UK to spend £3bn from climate action fund on efforts to protect nature

THE UK will spend at least £3billion of its international funding for climate action on efforts to protect nature over the next five years, Boris Johnson has said.

The Prime Minister made the commitment at Monday’s One Planet summit of world leaders, held online.

He said: “We will not achieve our goals on climate change if we fail to take care of the natural world that provides us with the food we eat, the water we drink and the air we breathe.”

Prince Charles will also address the summit to urge the private sector to invest in an Earth Charter to fund green projects.

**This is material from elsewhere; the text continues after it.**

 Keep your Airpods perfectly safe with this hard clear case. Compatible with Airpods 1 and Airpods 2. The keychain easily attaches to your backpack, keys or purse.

The Prime Minister said in his address: “The problem is that we are destroying species and habitat at an absolutely unconscionable rate. I think we’ve lost about 500 species in the last century, of all the mammals in the world – the biomass of mammals – I think I’m right in saying that 96 per cent of mammals on our planet are now human beings or oxen or pigs or the livestock that human beings rely on. 70 per cent of all the birds in the world are chickens.

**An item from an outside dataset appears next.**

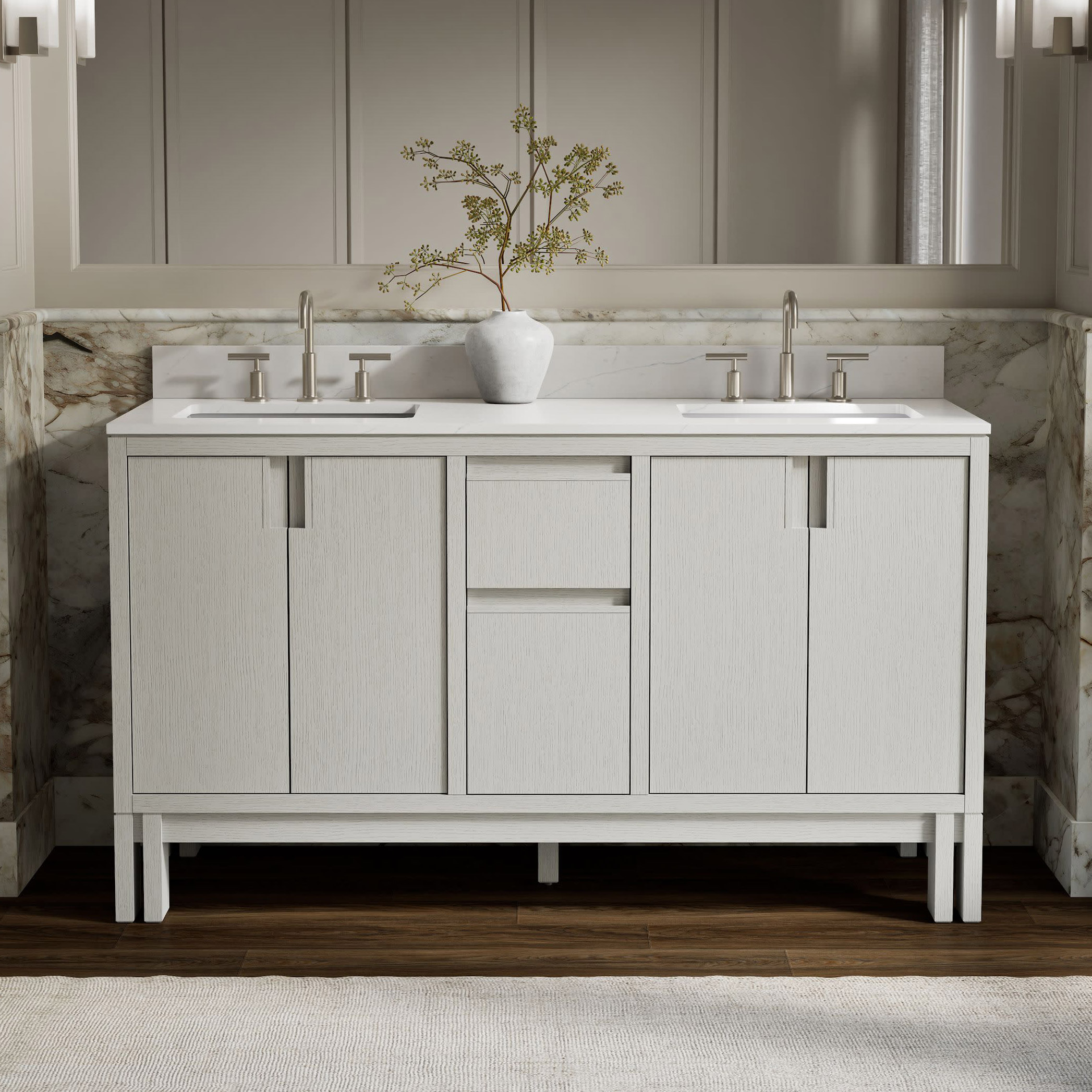 - Includes Cabinet, Precut Quartz Vanity Top, Backsplash, and Sinks

“In other words, there has been a total or near-total destruction of wildlife. Only 4 per cent of the mammals in the world are now wild mammals, from whales to monkeys, to you name it.

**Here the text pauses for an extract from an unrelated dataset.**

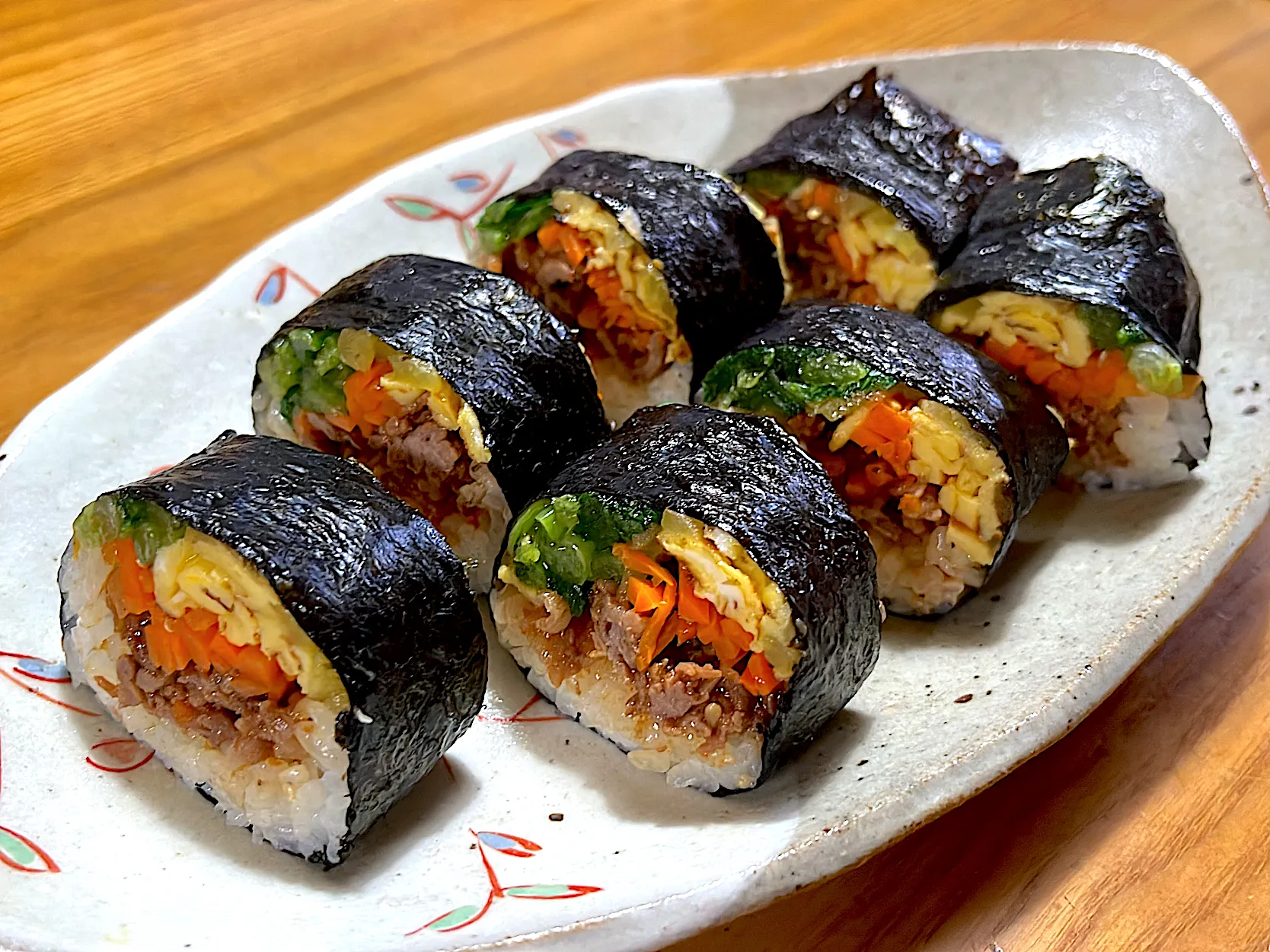 最近ハマってる!キンパ風巻き寿司、マカロニサラダ、白...

“That in my view is a disaster. We’re seeing a parallel loss of habitat, of forests and plant species of all kinds. So that’s why the UK is pledged to protect 30 per cent of our land surface, 30 per cent of our marine surface, to create marine protected areas – vast protected areas – which is something by the way an objective that we share very much with France, with Canada – we’re all engaged in this same effort.

“And of the £11.6billion that we’ve consecrated to climate finance initiatives, we’re putting £3billion to protecting nature, whether it’s marine life, or timber conservation or sustainable food production.”

He added: “One final thought, don’t forget that the coronavirus pandemic was the product of an imbalance in man’s relationship with the natural world.

“Like the original plague which struck the Greeks I seem to remember in book one of the Iliad, it is a zoonotic disease. It originates from bats or pangolins, from the demented belief that if you grind up the scales of a pangolin you will somehow become more potent or whatever it is people believe, it originates from this collision between mankind and the natural world and we’ve got to stop it.”